EXERCISE REQUIREMENTS: Below are the records; extract from them the line containing "O design de" to the line containing "Boho Casual Pocket", both lines included, exactly and with no pictures.
━━ GIVEN DATA ━━
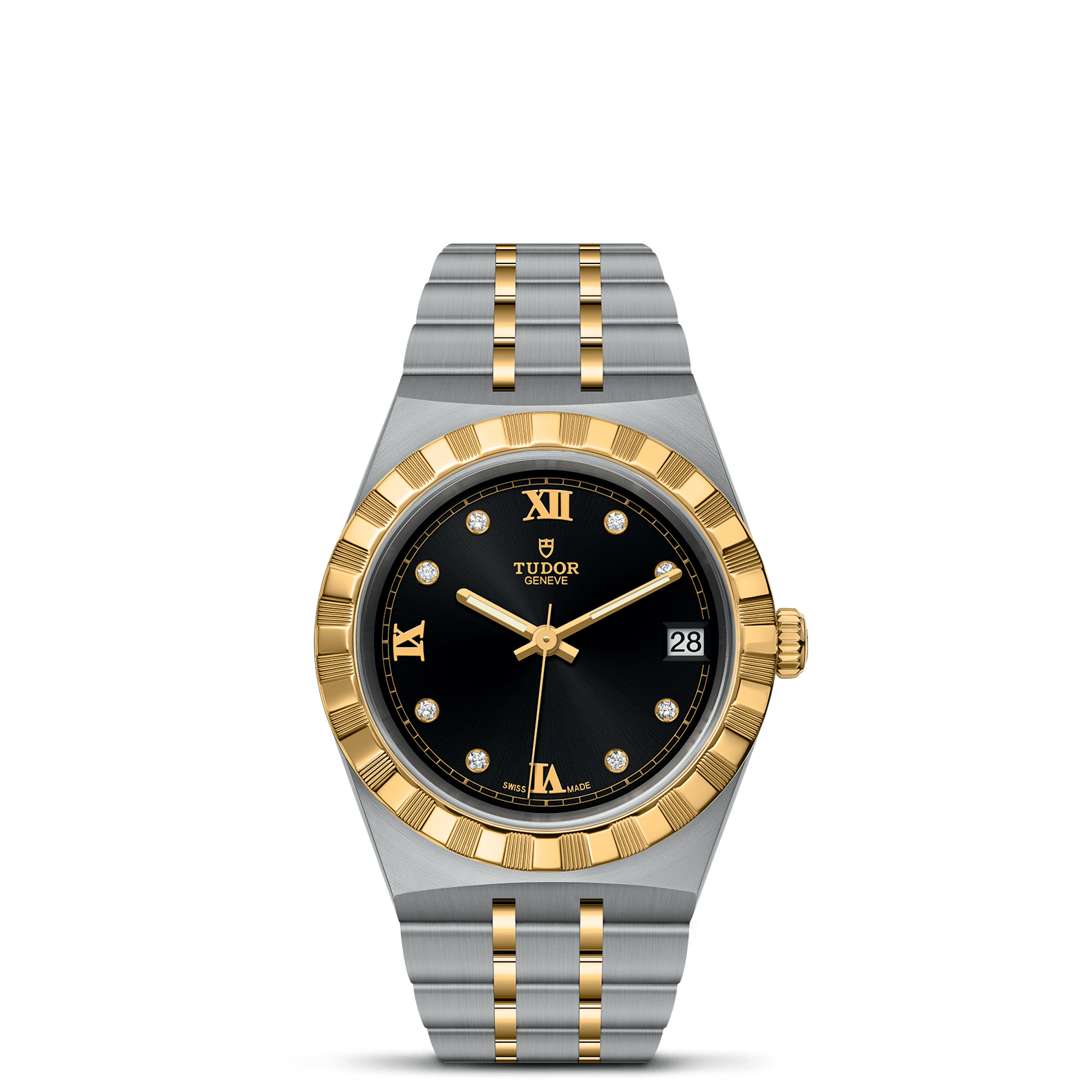 旋入式上链錶冠,饰以帝舵表标志;精钢覆有0.1毫米18K黄金薄层
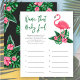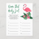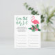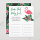 O design de convite para chá de fraldas apresenta flamingo cor-de-rosa com frondes verdes de palma e flores de hibisco tropicais. "Aloha Baby". Um padrão floral tropical com cor preta de fundo se veste na parte de trás do cartão.
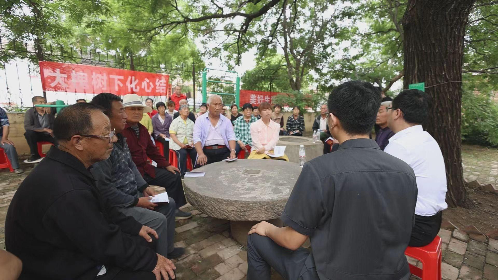 圖為平原縣張華鎮(zhèn)郝堂村口開(kāi)展“大槐樹(shù)下講講理”活動(dòng)。
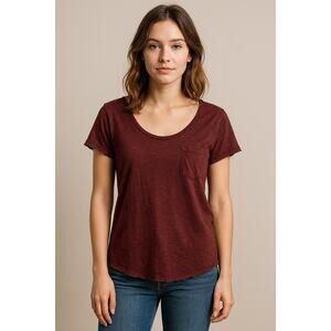 Boho Casual Pocket Tee Maroon Short Sleeve T-Shirt Me to We XS
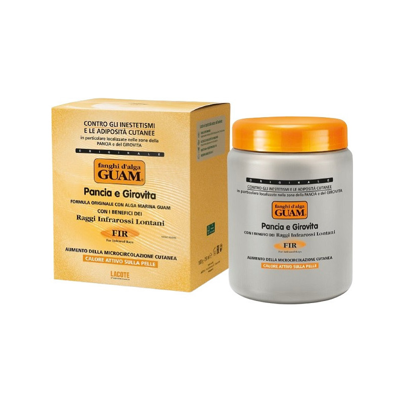 Fanghi d'alga guam guam pancia e girovita vero concentrato d'alga con i benefici dei raggi infrarossi fir e tormalina pura micronizzata. 1 kg di fanghi d'alga guam contiene una concentrazione elevata di puro estratto d'alga corrispondente a circa 1 kg d'alga marina fresca. Le alghe marine, ricche di proprietà i cui benefici sono riconosciuti dal mondo scientifico sono un vero concentrato di mare e contengono: protidi, lipidi, glucidi, mannitolo, cloro, fosforo, zolfo, iodio. sodio, potassio, calcio, magnesio, zinco, cobalto, ferro, manganese, boro, silicio. Vitamine: beta. Carotene (pro vit. A); acido ascorbico (Vit. C); vitamine complesso B. Prodotto cosmetico. Dermatologicamente testato
━━━
TASK SOLUTION:
 O design de convite para chá de fraldas apresenta flamingo cor-de-rosa com frondes verdes de palma e flores de hibisco tropicais. "Aloha Baby". Um padrão floral tropical com cor preta de fundo se veste na parte de trás do cartão.
 圖為平原縣張華鎮(zhèn)郝堂村口開(kāi)展“大槐樹(shù)下講講理”活動(dòng)。
 Boho Casual Pocket Tee Maroon Short Sleeve T-Shirt Me to We XS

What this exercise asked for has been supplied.